Records excerpted from a collection:
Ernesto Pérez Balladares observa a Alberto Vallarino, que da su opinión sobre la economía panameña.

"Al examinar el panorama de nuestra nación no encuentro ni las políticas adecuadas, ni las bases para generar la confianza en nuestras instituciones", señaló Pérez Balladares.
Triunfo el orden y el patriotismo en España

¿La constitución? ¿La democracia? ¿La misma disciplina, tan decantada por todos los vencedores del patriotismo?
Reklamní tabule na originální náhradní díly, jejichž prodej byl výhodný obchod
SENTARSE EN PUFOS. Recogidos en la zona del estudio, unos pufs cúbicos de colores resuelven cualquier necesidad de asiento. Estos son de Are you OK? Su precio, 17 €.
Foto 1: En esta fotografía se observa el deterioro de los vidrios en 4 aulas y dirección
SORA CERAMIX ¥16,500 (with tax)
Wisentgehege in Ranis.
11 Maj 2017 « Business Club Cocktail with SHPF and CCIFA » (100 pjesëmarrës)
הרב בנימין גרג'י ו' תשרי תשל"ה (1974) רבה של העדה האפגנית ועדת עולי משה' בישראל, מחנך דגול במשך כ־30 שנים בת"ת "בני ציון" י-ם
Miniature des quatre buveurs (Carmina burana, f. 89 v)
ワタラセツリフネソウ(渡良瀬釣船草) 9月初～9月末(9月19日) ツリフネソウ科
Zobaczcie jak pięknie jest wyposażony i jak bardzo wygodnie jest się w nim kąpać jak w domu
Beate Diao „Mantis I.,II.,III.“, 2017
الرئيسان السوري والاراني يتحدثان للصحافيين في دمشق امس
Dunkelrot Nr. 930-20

INSTRUCTIONS TO FOLLOW: Only the data above, repeated exactly, should make up the reply.

EXERCISE OUTPUT:
Ernesto Pérez Balladares observa a Alberto Vallarino, que da su opinión sobre la economía panameña.

"Al examinar el panorama de nuestra nación no encuentro ni las políticas adecuadas, ni las bases para generar la confianza en nuestras instituciones", señaló Pérez Balladares.
Triunfo el orden y el patriotismo en España

¿La constitución? ¿La democracia? ¿La misma disciplina, tan decantada por todos los vencedores del patriotismo?
Reklamní tabule na originální náhradní díly, jejichž prodej byl výhodný obchod
SENTARSE EN PUFOS. Recogidos en la zona del estudio, unos pufs cúbicos de colores resuelven cualquier necesidad de asiento. Estos son de Are you OK? Su precio, 17 €.
Foto 1: En esta fotografía se observa el deterioro de los vidrios en 4 aulas y dirección
SORA CERAMIX ¥16,500 (with tax)
Wisentgehege in Ranis.
11 Maj 2017 « Business Club Cocktail with SHPF and CCIFA » (100 pjesëmarrës)
הרב בנימין גרג'י ו' תשרי תשל"ה (1974) רבה של העדה האפגנית ועדת עולי משה' בישראל, מחנך דגול במשך כ־30 שנים בת"ת "בני ציון" י-ם
Miniature des quatre buveurs (Carmina burana, f. 89 v)
ワタラセツリフネソウ(渡良瀬釣船草) 9月初～9月末(9月19日) ツリフネソウ科
Zobaczcie jak pięknie jest wyposażony i jak bardzo wygodnie jest się w nim kąpać jak w domu
Beate Diao „Mantis I.,II.,III.“, 2017
الرئيسان السوري والاراني يتحدثان للصحافيين في دمشق امس
Dunkelrot Nr. 930-20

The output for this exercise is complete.